GBM is the most malignant stage of astrocytoma, with survival times of less than 2 years for most patients. These tumors are characterized histologically by dense cellularity, high proliferation indices, endothelial proliferation, and focal necrosis. The highly proliferative nature of these lesions is no doubt the result of multiple mitogenic effects. As mentioned above, at least one such effect is deregulation of the p16-cdk4-cyclin D1-pRb pathway of cell-cycle control. The vast majority, if not all, GBM have alterations of this system, whether inactivation of p16 or pRb or overexpression of cdk4 or cyclin D1.
Chromosome 10 loss is a frequent finding in GBM, occurring in 60% to 95% of GBMs but only rarely in anaplastic astrocytomas. Attempts to identify this tumor-suppressor gene by deletion mapping, however, have been hampered by the observation that, in most cases, the entire chromosome is lost. The gene on the long arm may map to band q25. On the other hand, there is probably a second tumor-suppressor gene on the short arm, and one study has postulated that a third locus may exist on the long arm, near the centromere.

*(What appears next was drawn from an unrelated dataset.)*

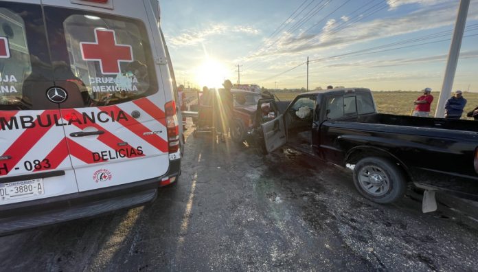 Delicias.- Un fuerte choque frontal entre dos vehículos ocurrió la mañana de este jueves en la Avenida del Charro, frente al Fraccionamiento Paseos del Algodón, dejando dos conductores lesionados y daños significativos en ambas unidades.
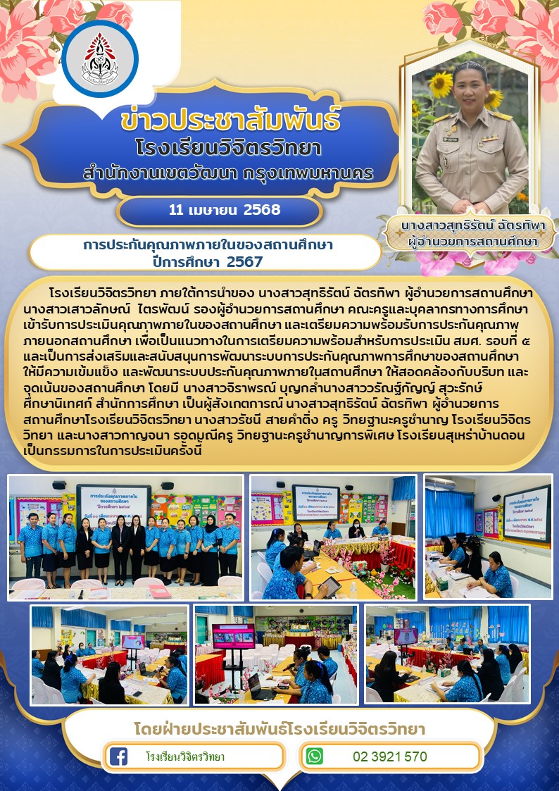โรงเรียนวิจิตรวิทยา ภายใต้การนำของ นางสาวสุทธิรัตน์ ฉัตรทิพา ผู้อำนวยการสถานศึกษา นางสาวเสาวลักษณ์ ไตรพัฒน์ รองผู้อำนวยการสถานศึกษา คณะครูและบุคลากรทางการศึกษา เข้ารับการประเมินคุณภาพภายในของสถานศึกษา และเตรียมความพร้อมรับการประกันคุณภาพภายนอกสถานศึกษา เพื่อเป็นแนวทางในการเตรียมความพร้อมสำหรับการประเมิน สมศ. รอบที่ ๕ และเป็นการส่งเสริมและสนับสนุนการพัฒนาระบบการประกันคุณภาพการศึกษาของสถานศึกษา ให้มีความเข้มแข็ง และพัฒนาระบบประกันคุณภาพภายในสถานศึกษา ให้สอดคล้องกับบริบท และจุดเน้นของสถานศึกษา โดยมี นางสาวจิราพรณ์ บุญกล่ำนางสาววรัณฐ์กัญญ์ สุวะรักษ์ ศึกษานิเทศก์ สำนักการศึกษา เป็นผู้สังเกตการณ์ นางสาวสุทธิรัตน์ ฉัตรทิพา ผู้อำนวยการสถานศึกษาโรงเรียนวิจิตรวิทยา นางสาวรัชนี สายคำติ่ง ครู วิทยฐานะครูชำนาญ โรงเรียนวิจิตรวิทยา และนางสาวกาญจนา รอดมณีครู วิทยฐานะครูชำนาญการพิเศษ โรงเรียนสุเหร่าบ้านดอนเป็นกรรมการในการประเมินครั้งนี้

EGFR is a transmembrane receptor tyrosine kinase whose ligands include EGF and transforming growth factor- alpha. The EGFR gene is the most frequently amplified oncogene in astrocytic tumors, being amplified in approximately 40% of all GBM but in few anaplastic astrocytomas. Those GBMs that exhibit EGFR gene amplification have almost always lost genetic material on chromosome 10. GBMs with EGFR gene amplification display overexpression of EGFR at both the mRNA and protein levels, suggesting that activation of this growth signal pathway is integral to malignant progression to GBM. Approximately one-third of those GBM with EGFR gene amplification also have specific EGFR gene rearrangements, which produce truncated molecules similar to the v-erbB oncogene. These truncated receptors are capable of conferring dramatically enhanced tumorigenicity to GBM cells. The downstream targets of EGFR activation in GBMs are not well defined, but EGFR is most likely involved in a cascade that facilitates mitogenesis in tumor cells. Less commonly amplified oncogenes include N- myc, gli, PDGF- alpha receptor, c- myc, myb, K- ras, CDK4, and MDM2, some of which have been discussed above.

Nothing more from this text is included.